MIAMI: Brands could benefit from using "sponsored data" programs to engage and empower mobile-phone users - just as Bradesco has shown in Brazil - according to a leading executive from Telefónica.

Dan Rosen, global director of advertising at Telefónica - the parent company of the Movistar, O2 and Vivo brands - discussed this subject at the Festival of Media Latin America in Miami.

He suggested that "sponsored data" efforts, where brands effectively foot the bill for consumers to access the mobile internet, hold considerable marketing potential.

"I think a lot of people have seen Maslow's 'hierarchy of needs', and basically how things like WiFi and battery life are becoming the centre of our universe," he said. (For more, including campaign results, read Warc's exclusive report: Bradesco's mobile play changes consumer habits in Brazil.)

"And some smart brands have actually started to sponsor connectivity - and sponsor phones being charged in airports."

By way of example, he cited a program from Bradesco, the Brazilian bank, which lets customers utilise its mobile site and apps for free having acquired data packages in bulk from the country's top mobile networks.

"Bradesco pays for the data when people use their app; the people don't. So they can go and use their data for something else, whether it's listening to music or whatever it might be," said Rosen.

And tapping into such a consumer passion point meant Bradesco reduced the average cost of handling these customer transactions, alongside giving account holders an equally welcome benefit.

"People have never been ... so hungry for data as they are today.

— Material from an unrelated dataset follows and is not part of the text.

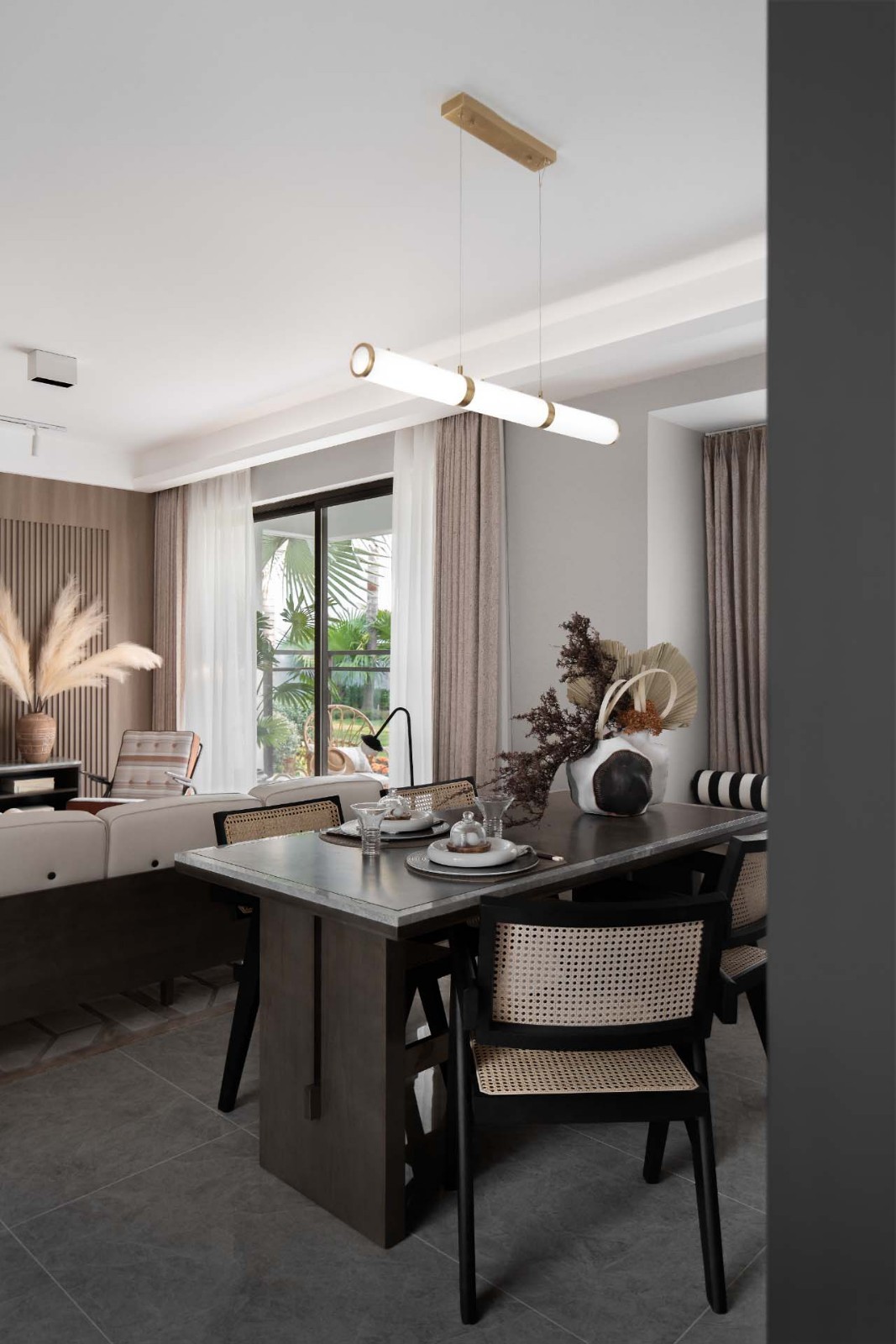 映入眼帘的是温润的木饰面以及略微粗糙的布料,无不体现着家的温馨,在这里,饮茶闲聊,悠扬的音乐和海水带来的咸甜,将脚掌包裹在布艺中,仿佛宠物伏在脚边摩

And we can see, because we're a carrier, that over 25% - on average - across LatAm of people are coming to the end of their data tariff," he said.

"This means there is an unanswered need; there are people that are hungry for more data. And we think there's a big opportunity for brands to be able to provide relevance for their consumers by providing that connectivity. We think that connectivity can be the next universal utility brand experience."